Freddy, once again commuting from bath to bedroom with a towel around his waist, had gazed hopefully down from the landing and been rewarded with a second vision of our two female ground floor neighbours once again in conversation outside of their rooms wearing nothing but T-shirts.
'I like what I see!,' Freddy had proclaimed loudly with, I imagined, his usual robustly African emphasis, no syllable taking precedence over another. It had probably sounded much like some Biblical king expressing his most heartfelt approval. The neighbours looked up, horrified, then scurried into one of the rooms; and that was it.
'Do you think they will call the police?' His head moved from side to side, seeming almost punch-drunk with the horror of his own deeds.
'No. They would have done it by now if they were going to.'
This was bizarre. It was a crime of embarrassment and nothing stronger. Perhaps I like what I see was a particularly weird greeting, but then it hardly seems sensible to wander around in the communal part of a shared house with less than the minimum of clothing unless you're a confident, practising naturist. Nevertheless, Freddy had now been awake for something like forty-eight hours, terrified, knocking back the whisky, and waiting to be arrested. He'd even bought his own ciggies.
I later spoke to the ground floor neighbours on his behalf and was told, as I suspected, that they had been mildly freaked out, but were more embarrassed at their own state of undress than anything.
As Freddy sat guzzling tea and smoking his cigarette with an unsteady hand, staring into space like the suspect on a cop show, I considered for a moment the pressure bearing down upon him - a likeable young guy in his earlier twenties with his entire life already mapped out by a stern and traditionally minded father. He'd grown up in Kenya - or wherever it was - and now here he was stuck in freezing, exhaust-choked Lewisham sharing a bathroom and a crappy kitchen with a former Tamil Tiger and a man unable to tell the difference between an artist and a prostitute. Try as I might, I couldn't see how this would constitute an adventure in anyone's book.
Freddy eventually finished his course and moved away, his place being taken by a six foot tall white teenager who liked football, drove a van, and who, perhaps strangely, seemed somehow much more alien to me.
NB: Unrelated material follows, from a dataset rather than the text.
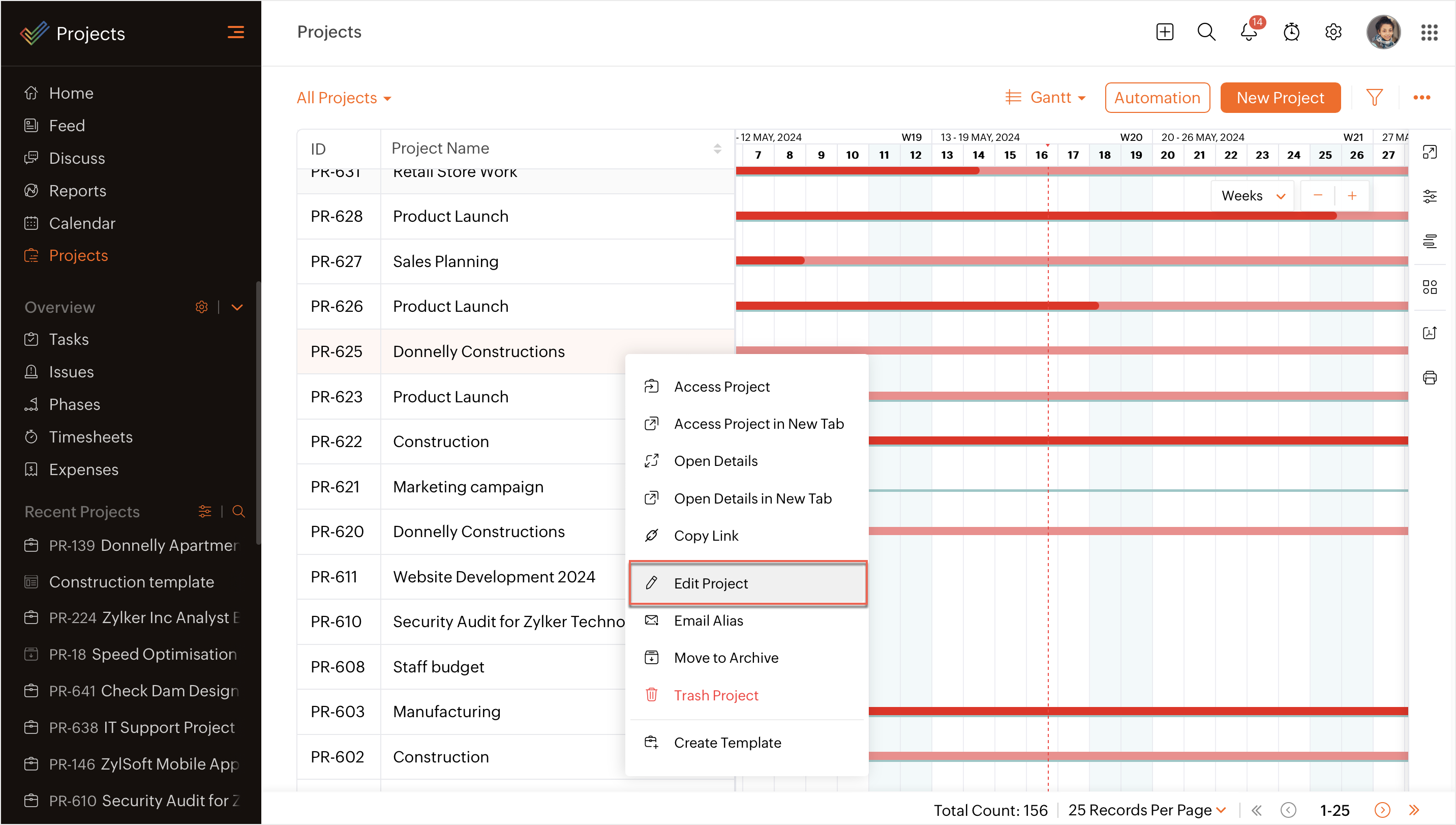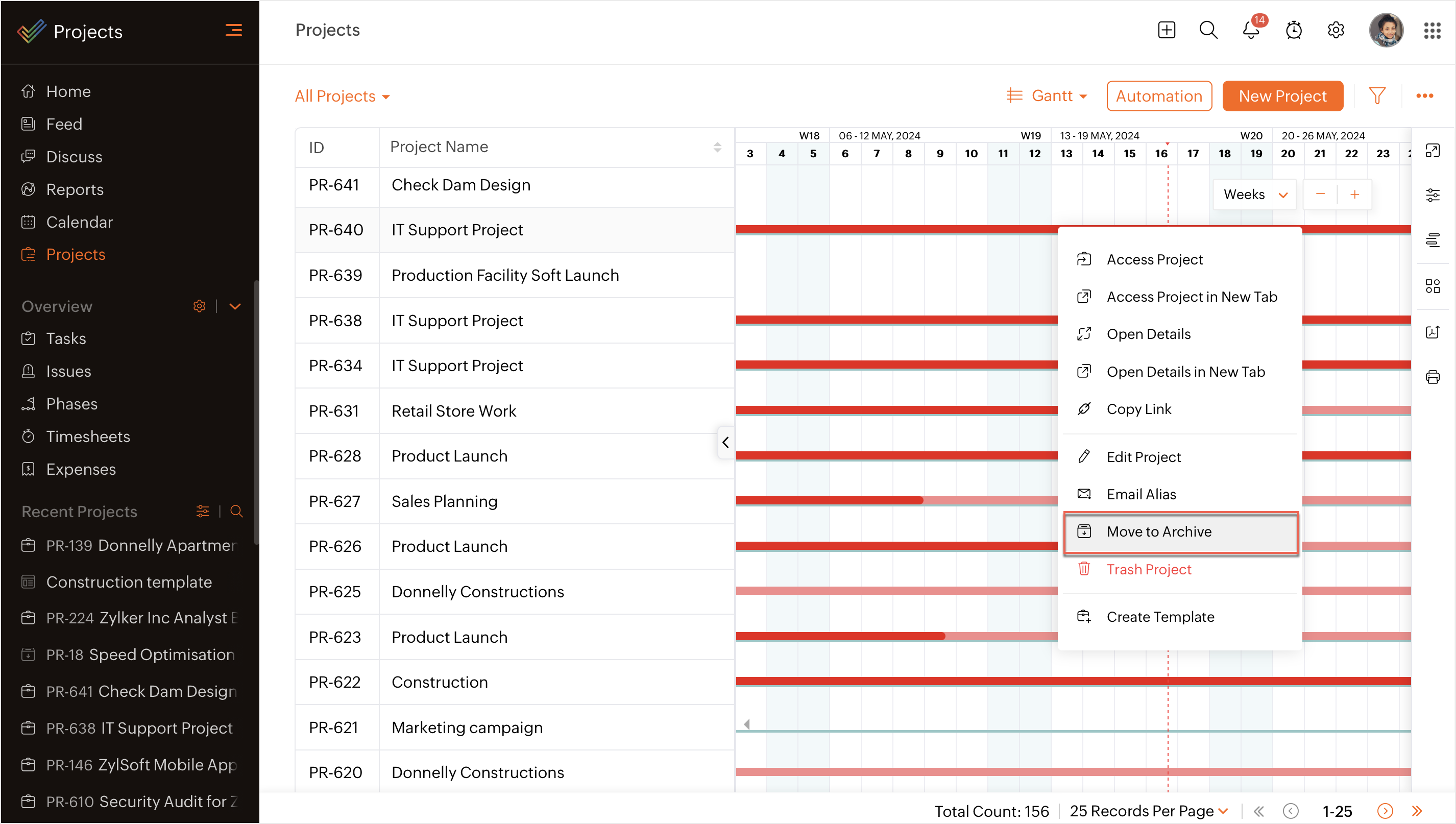 In the Project Gantt view, you can view the projects in the left and the corresponding bars on the right that show the actual project schedule.
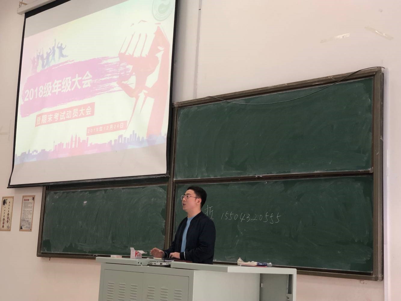 年级大会上,2018级本科生辅导员钟宇博老师以亲切的话语,自身的经历动员全体同学积极备考,希望大家取得满意的学期成绩回到家乡。特别的,钟导提醒同学们要注意考试周纪律,全体学子共同营造一个和谐的备考环境。对于寝室管理,离校,寝室供暖等问题进行了强调,叮嘱大家遵守公司规章制度,注意人身安全,遇到问题积极向公司放映,校方将为同学们创造健康舒适的生活条件,希望同学们平平安安回乡。并对于下学期开设的职业生涯规划课程做了预告,同学们对此关注度极高。

From time to time I still wonder what happened to my housemate and friend, whether he ever found a way to make the hell of money he desired, how well he took to the responsibility imposed upon him by his father, and how that all worked out. I met many people called Okello in the years that followed, but it turns out that in Africa it's a fairly common surname, and none of them were related to Freddy. Wherever he is and whatever turned out to be his lot in life, I hope that he likes what he sees.